Buk and AA (Alcoholics Anonymous) (1 Viewer)

I haven't read nearly as much of buk as most people here. I was just wondering if theres ever an instance of him going to an AA meeting (either by choice or coercion)? Most drunks do entertain the idea of sobriety a few times in life. It would be great to get his take on AA.
 
Buk didn't drink for 1 year, late 80ties, except the day his daughter got married.

Quote: "what the hell"

Cheers.
 
i think i recall he mentioned drunk visits at the AA together with Jane.
not sure where that is. could be stories AND poems.
 
No AA for Buk

I'm about 100% positive he never went or even ever entertained the notion of AA. His attitude I think to drinking was that it was a choice. I even doubt he considered himself an "alcoholic" in the "disease" model of that word.
He says in the Taylor Hackford film, in the scene with Linda King, that it got him up, it got him out. How most people just stay with the daily, never get high, never get ecstatic. I wonder too when he says "some people never go crazy..what horrible lives they must lead" whether both madness and alcohol were for him means of transcendence, of ecstasy, as sexual love can be. Bukowski is about trying to find the sacred in life.
Now I think it is possible to find these ecstatic states without recourse to "mind expanding" substances. [For example, Buk got high on great music--for example Stravinsky, Sibelius, Mahler, Bach..].
I love a writer as much as I love Bukowski who is his COMPLETE OPPOSITE in every way--Vladimir Nabokov. And Nabokov I think got high by studying butterflies, by writing very weird and complex and lovely books, by hiking in the Swiss mountains. The guy never got drunk in his life and he was just high on being a genius. But Buk had a bit of a more difficult childhood...:eek:
 
I haven't read nearly as much of buk as most people here. I was just wondering if theres ever an instance of him going to an AA meeting (either by choice or coercion)? Most drunks do entertain the idea of sobriety a few times in life. It would be great to get his take on AA.

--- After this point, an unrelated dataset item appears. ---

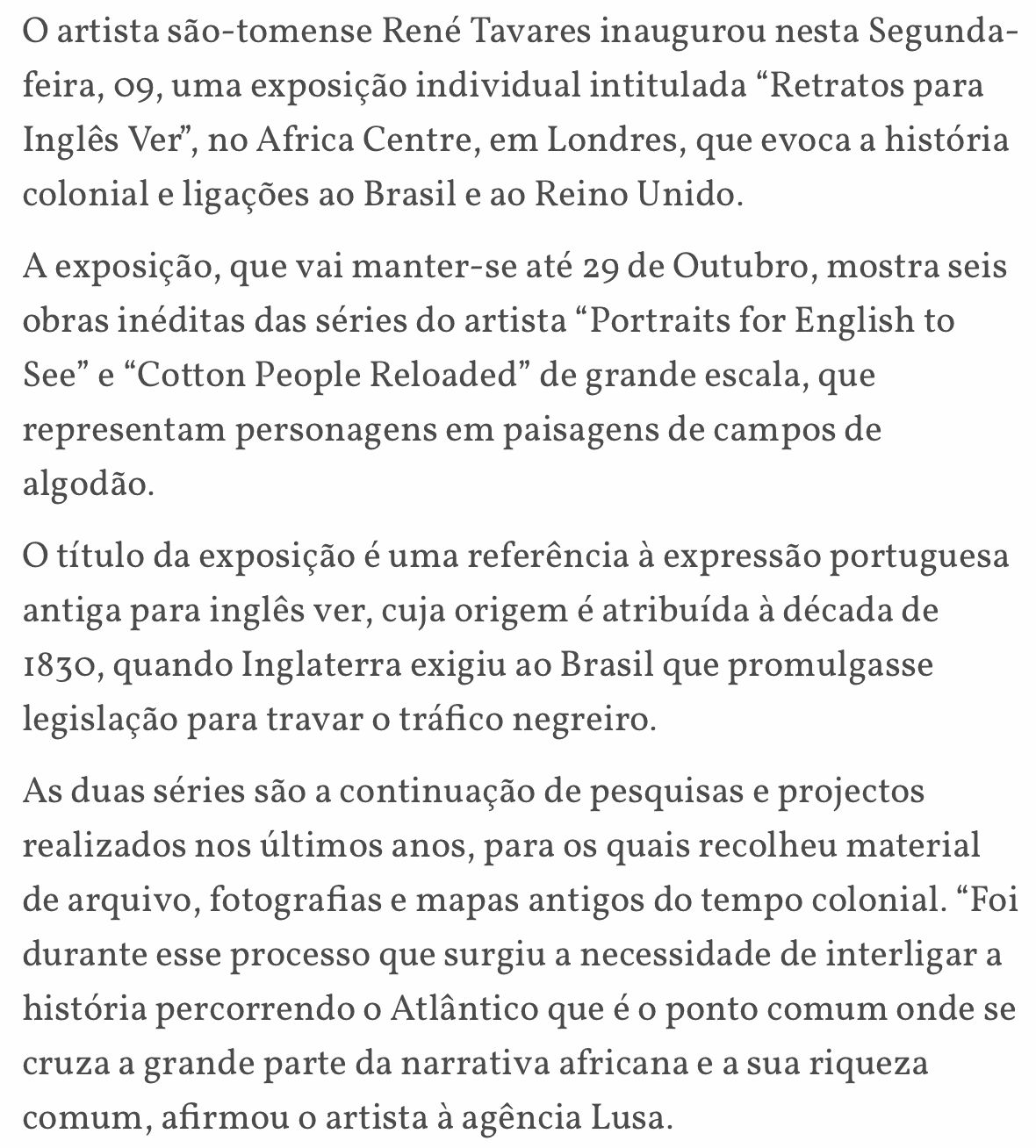 São Toméan artist René Tavares opens solo exhibition in London

Can't see Buk sitting in an AA meeting, but it begs the question....did he have AAA for that BMW?:D
 
I love a writer as much as I love Bukowski who is his COMPLETE OPPOSITE in every way--Vladimir Nabokov. And Nabokov I think got high by studying butterflies, by writing very weird and complex and lovely books, by hiking in the Swiss mountains.

I love his "The Defence", partly based on Aljekhin.
 
Bukowski "scoffed" at AA people saying they drank as much as him when he was cutting down for a bit.

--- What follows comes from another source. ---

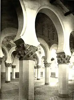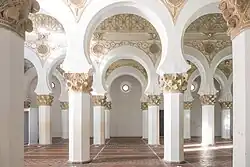 The synagogue is a Mudéjar construction, created by Moorish architects for non-Islamic purposes. But it can also be considered one of the finest example of Almohad architecture because of its construction elements and style. The plain white interior walls as well as the use of brick and of pillars instead of columns are characteristics of Almohad architecture.[17] There are also nuances in its architectural classification, because although it was constructed as a synagogue, its hypostyle room and the lack of a women's gallery make it closer in character to a mosque. Though it does not have a women's gallery today, an early twentieth century architect suggested that it did at one time have one.[18]

If it works for you it's not a problem and it worked for him, for most of us it certainly wouldn't work.

I can see where he was coming from but you should do what works for you, he certainly did.
 
...I wonder too when he says "some people never go crazy..what horrible lives they must lead" whether both madness and alcohol were for him means of transcendence, of ecstasy, as sexual love can be. Bukowski is about trying to find the sacred in life. ...

I think you're onto something there. He wanted to shake things up, even if it meant trouble.